National University of Civil Defenсe of Ukraine

http://orcid.org/0000-0001-8948-5240

 

DOI: https://doi.org/10.52363/2524-0226-2021-33-2

 

Keywords: finely divided water, fire, fire extinguishing, dispersion, supply intensity, fire extinguishing means

 

Abstract

Studies have been conducted on the use of finely sprayed water for firefighting. It is established that finely sprayed water in foreign sources is treated according to the percentage distribution of small and large water droplets, and in domestic only the dispersion of water droplets is indicated, and the percentage distribution is not given. The possibility of its application for extinguishing almost all substances and materials, including pyrophoric, except for substances that react with water with the release of thermal energy and combustible gases (high efficiency in extinguishing fires of classes A, B, C, F and live electrical installations) ). Criteria of efficiency of application of means of fire extinguishing by finely sprayed water are established thus the main criterion is the size of water drops (dispersion), the second intensity of giving of finely sprayed water, and the third addition of additives for the purpose of increase of fire extinguishing efficiency.
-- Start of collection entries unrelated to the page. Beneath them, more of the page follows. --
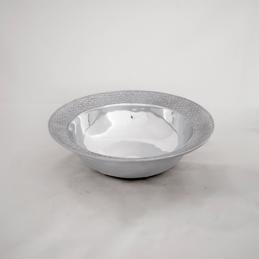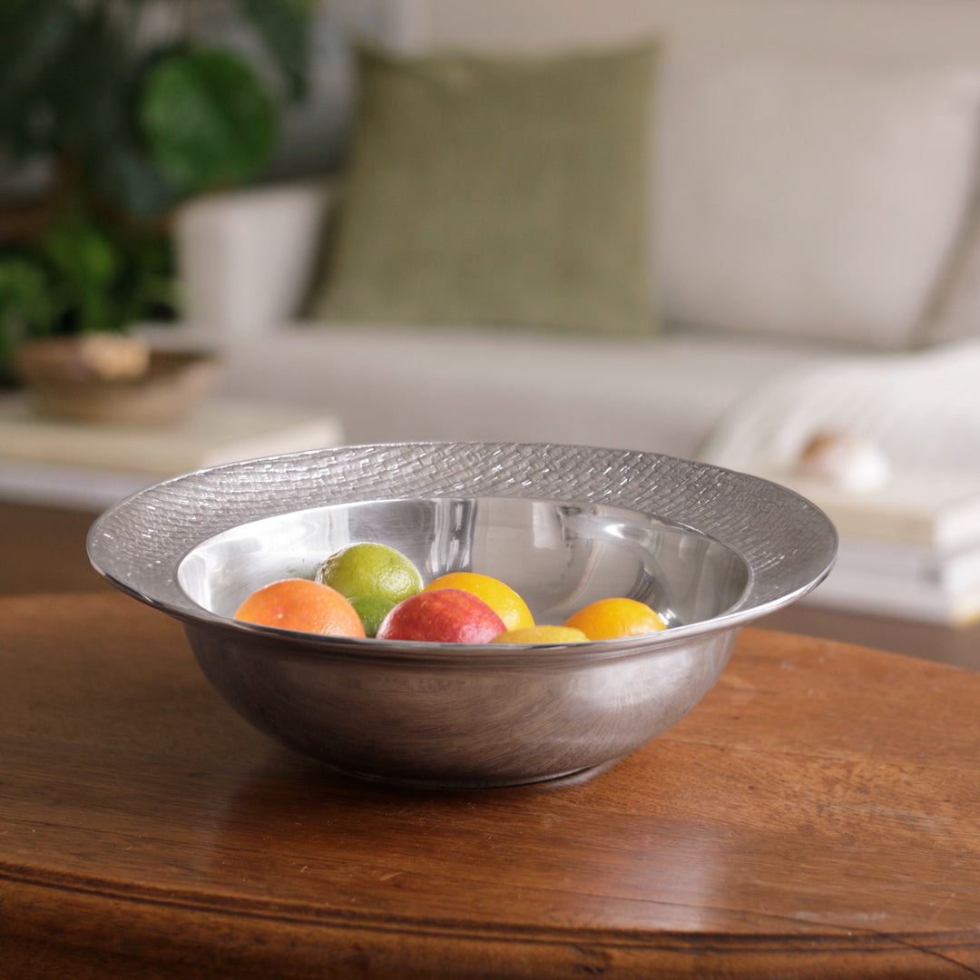 Pure luxe! Nassau, the capitol of the Bahamas, offers not only an exciting port-of-call and beautiful beachfront, but also a rich history and lively island culture. Beatriz Ball captures the spirit of the glamourous Caribbean destination in the newest Nassau selection, part of the popular Soho Collection featuring richly hand-polished metallic finishes. The ample SOHO Nassau Large Bowl features a gleaming and generous surface that evokes the good life. Presented in our signature metalware, the large bowl fits seamlessly with the brand’s handmade aesthetic, and blends perfectly with today’s trends for casual décor and entertaining. With a classic shape, great styling, and brilliant silvery surface, the tarnish free metal piece enhances anything you serve on it. This piece is perfect for salads and fresh fruit. Ideal addition to the kitchen island. Pair with other Nassau pieces for a striking curated tablescape. Beatriz Ball’s intensely handmade products employ eco-friendly and sustainable materials and are crafted by artisans who trace a heritage of metalworking for generations. An original Beatriz Ball design, sustainably handmade of a top quality, FDA safe, easy-care aluminum alloy. Hand wash and dry.
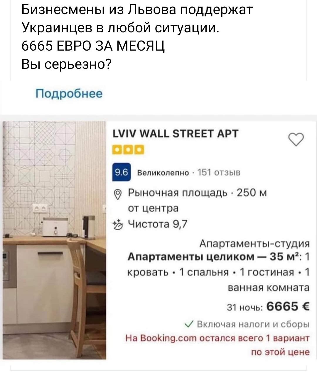 220 евро ночь. Посуточная сдача. На площе Рынок... Где тут зрада?
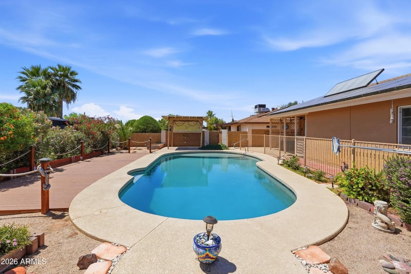 Listing details for 2925 Villa Rita Dr, Phoenix, AZ 85053 : Step into a home that feels bright, open, and built for everyday living. This 3 bedroom, 2 bathroom North Phoenix home offers a seamless layout filled with natural light and comfortable spaces throughout. The family room features a kiva fireplace that adds warmth and character in true Arizona style, while the kitchen opens to the main living areas for easy flow whether you're hosting or enjoying a quiet night in. The backyard is where this home really shines, with a private pool, expansive deck, and multiple areas to relax, entertain, and enjoy the Arizona lifestyle. RV gate provides added flexibility for parking or storage. Located in a desirable North Phoenix neighborhood with no HOA, just minutes from shopping, dining, parks, and quick access to the I17 and Loop 101, this home offers both convenience and a setting you'll look forward to coming home to.
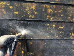 屋根表面の汚れ・苔・カビを丁寧に洗い流します。これを怠ると、塗料の密着が悪くなります。
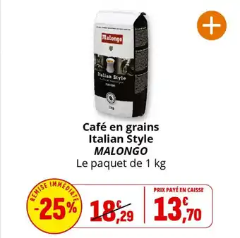 Café en grains italian style malongo offres et promotions en ligne chez Coccinelle Express
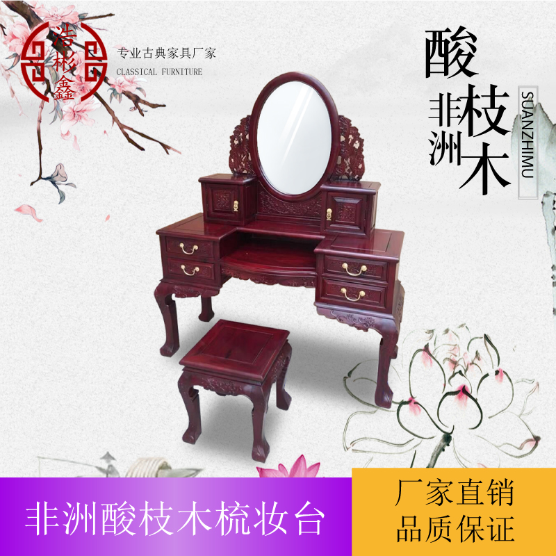 Red Wood Furniture African Acid Branches Wood Makeup Bench Solid Wood Chinese Imitation Antique Makeup Table Carved Makeup Mirror Table Bench Composition
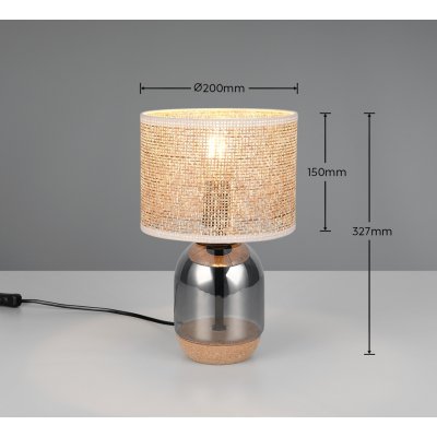 Lampka biurkowa Tara posiada wiklinowy klosz w jasnym odcieniu.
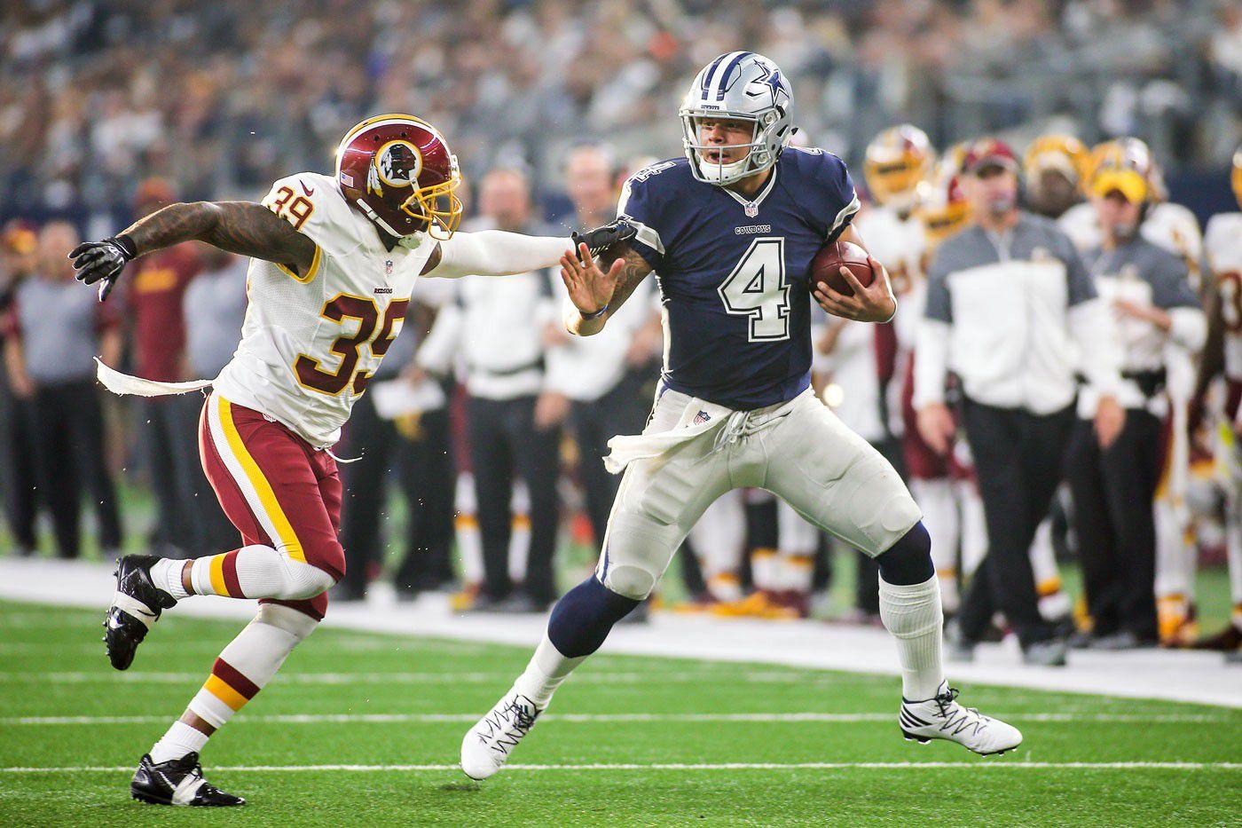 His final strike to Bryant came on a third-and-9, on the run, with Washington’s Su’a Cravens spying the quarterback and bearing down on him. Prescott’s touchdown run earlier in the fourth quarter happened on a designed rollout that forced safety Duke Ihenacho to choose between covering tight end Jason Witten and keeping Prescott out of the end zone. Much like using read plays near the goal line, the Cowboys can employ designed rollouts — which are only possible because of Prescott’s mobility — to shift the math in their favor when the field shrinks.
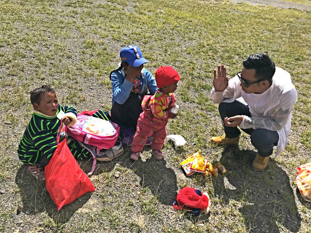 下面图中这个跟小朋友正愉快交流的叫扎西巴九,是我们此行的领队,也是康巴兄弟连车队的负责人之一。他每年5-10月都会行走在这条线上,他说,今天行程所经过的地方,是我们整个线路沿途最贫困的地地方,当地许多人连双像样的鞋子都没有。

It is established that the criteria for the effectiveness of finely sprayed water for firefighting will depend primarily on the technical means of firefighting. The technical and economic indicators of modern technical means of foreign manufacturers are determined, which include the principle of operation due to the increased pressure in the system, pump performance, volume (stock) of extinguishing agent, total weight of the mobile installation and cost. The efficiency of extinguishing fires with finely sprayed water, which is due to the increased cooling effect due to the high specific surface of the droplets, uniform distribution of water droplets in the combustion zone, reducing the concentration of oxygen and dilution of combustible vapors and gases in the combustion zone by water vapor. Based on this, the effect of the dispersion of finely divided water during its supply to the fire is calculated, as a result of which it is established that the extraction of heat from the fire will be carried out by heating water droplets to boiling point, heat consumption for steam and heat consumption for steam heating. water to ambient temperature in case of fire.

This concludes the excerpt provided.